(Extracted data entries)
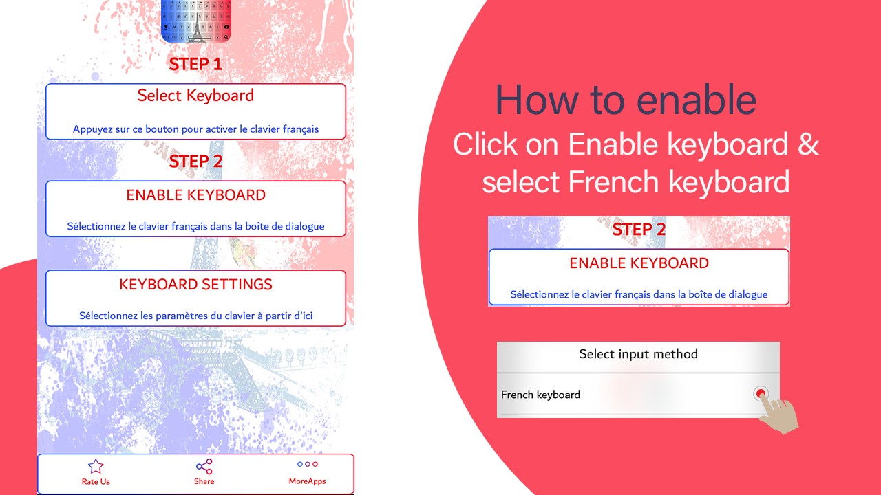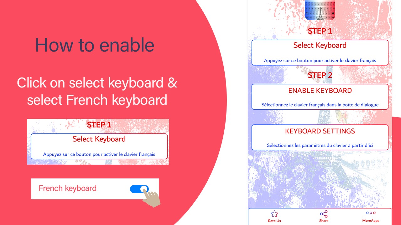 Easy French English keyboard is complete French alphabetic keyboard with all the French letters French alphabets and fancy fonts and French special characters. New French Keyboard 2018 is two in one keyboard you can also type in English at the same time without changing French and English keyboard. Easy French typing keypad is very easy to use and free to download for French speaking people.
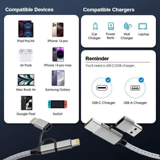 4-IN-1 Switch CableLightning and type c switch Multi usb c cable can fit any Lightning or USB C devices. extra long iphone 16 charger cord also Also desin with USB A and USB C dual-input ports; compatible with all chargers featuring USB-C or USB-A ports.
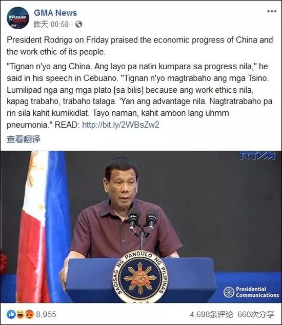 菲律宾总统杜特尔特称赞中国的经济发展和中国人民的工作态度,鼓励当地民众学习。
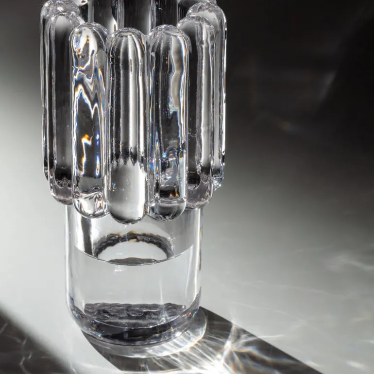 Press is a medium-sized vase, designed and engineered to catch and refract light, and to last forever. This heavyweight grooved vase is made of chunky coils of pure and clear transparent glass. Bold in silhouette and simple in function.
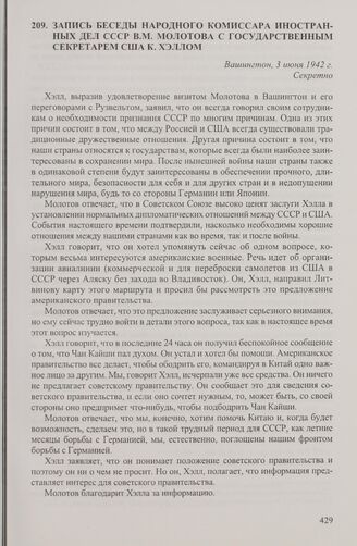 Запись беседы народного комиссара иностранных дел СССР В.М. Молотова с государственным секретарем США К. Хэллом. Вашингтон, 3 июня 1942 г. // АВП РФ, ф. 06, оп. 4, п. 6, д. 60, л. 48-51. Опубл.: Советско-американские отношения ... — Т. 1. — С. 195-197.
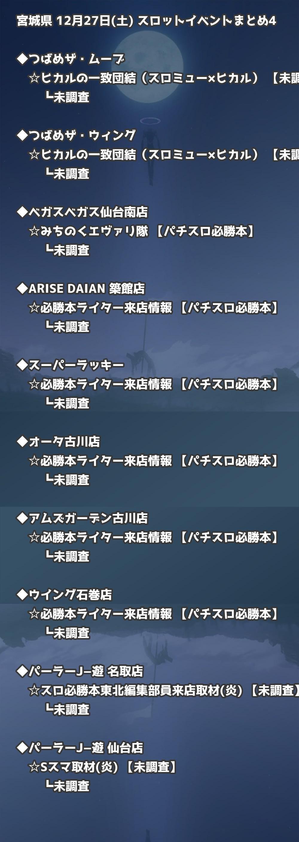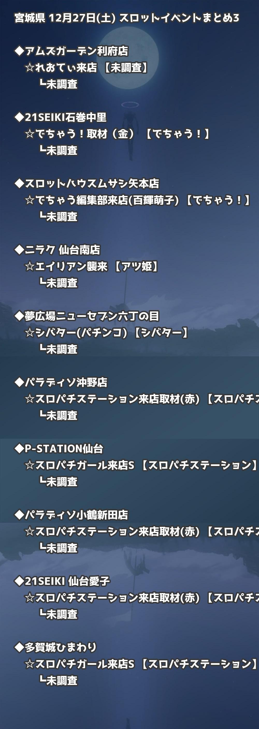【宮城県】12月27日(土) パチンコホールイベント取材まとめ記事です。
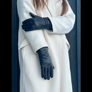 Feminin handske i mjukt och läckert lammskinn. Handsken har en feminin och vacker look, då den är dekorerad med en fin volangdetalj på framsidan. Läderhandsken har touchfunktion i pekfinger och tumme. Fodret på handskarna matchar färgen på läderhandsken. Foder 70% ull / 30% akryl.
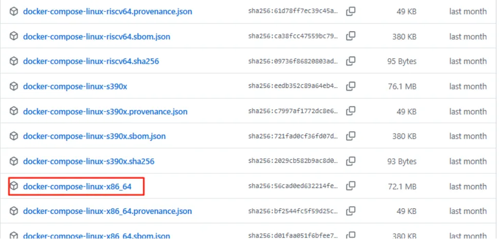在有网的安装环境下载docker-compose二进制文件,下载地址:https://github.com/docker/compose/releases
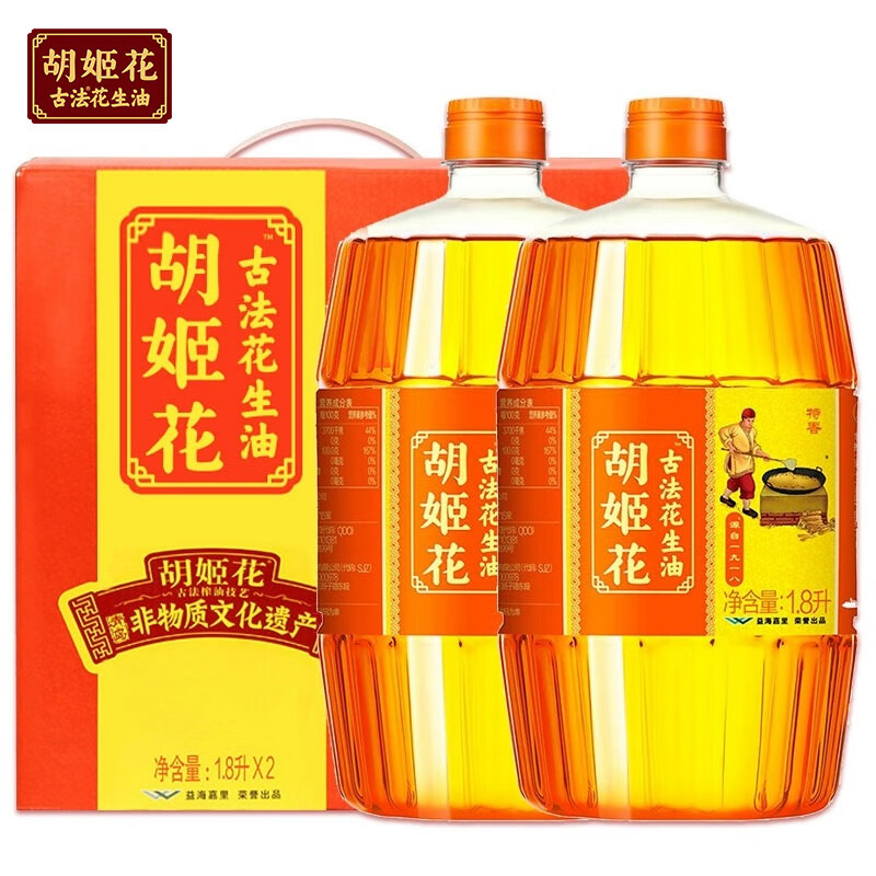胡姬花 古法压榨花生油 古法花生油1.8L*2 2个 1件
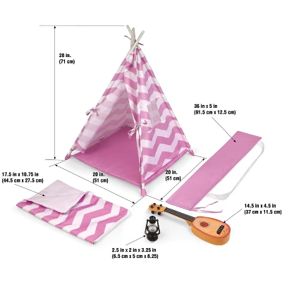 Let the summertime fun begin with our Camping Adventures Doll Tent Set complete with a tent, sleeping bag and pillow, guitar, lantern and storage bag. Stare at the stars and bask in the glow of the moonlight while you and your BFF unplug and enjoy nature. All your friends can gather around the lantern as you strum your guitar, sing your favorite songs, and tell spooky ghost stories. Once the camping fun is over simply fold up the tent and store it inside the handy carry bag, along with all the accessories. Not to be stored outdoors. Sized just right for dolls up to 18 inches including American Girl, My Life As, Madame Alexander, Our Generation, and WellieWishers. Tent: 20 inches L x 20 inches W x 28 inches H. Sleeping bag: 17.5 inches L x 10.75 inches H x 0.5 inches H. Pillow: 7.75 inches L x 3.75 inches W. Guitar: 14.5 inches L x 4.5 inches W x 1.25 inches H. Lantern: 2.5 inches L x 2 inches W x 3.25 inches H. Storage bag: 38 inches L x 6 inches W. Wipe and spot clean as needed. Made of 100% polyester fabric, steel tubing, and plastic. Assembled weight: 2.6 pounds. All measurements approximate. Adult assembly required. Illustrated instructions included. This item is for use with dolls only. /! WARNING: CHOKING HAZARD – Small parts. Not for children under 3 yrs. Product complies with all currently applicable safety standards. Manufacturer’s 30 day limited warranty to the original purchaser. Product may vary slightly from shown and described. Dolls/accessories shown are for illustration purposes only and are not included with the product. Actual color/finish may vary slightly from screen display. This item ships in its original carton that may include a product photo.

DIRECTIONS FOR THIS TASK -
Pictures in the entries do not go into the copy. Print only the lines starting at the one containing "在有网的安装环境下载dock" and ending at the one containing "胡姬花 古法压榨花生油 古法花生油1.8L*2 2个 1件", exactly as they appear.

ANSWER SECTION -
在有网的安装环境下载docker-compose二进制文件,下载地址:https://github.com/docker/compose/releases
胡姬花 古法压榨花生油 古法花生油1.8L*2 2个 1件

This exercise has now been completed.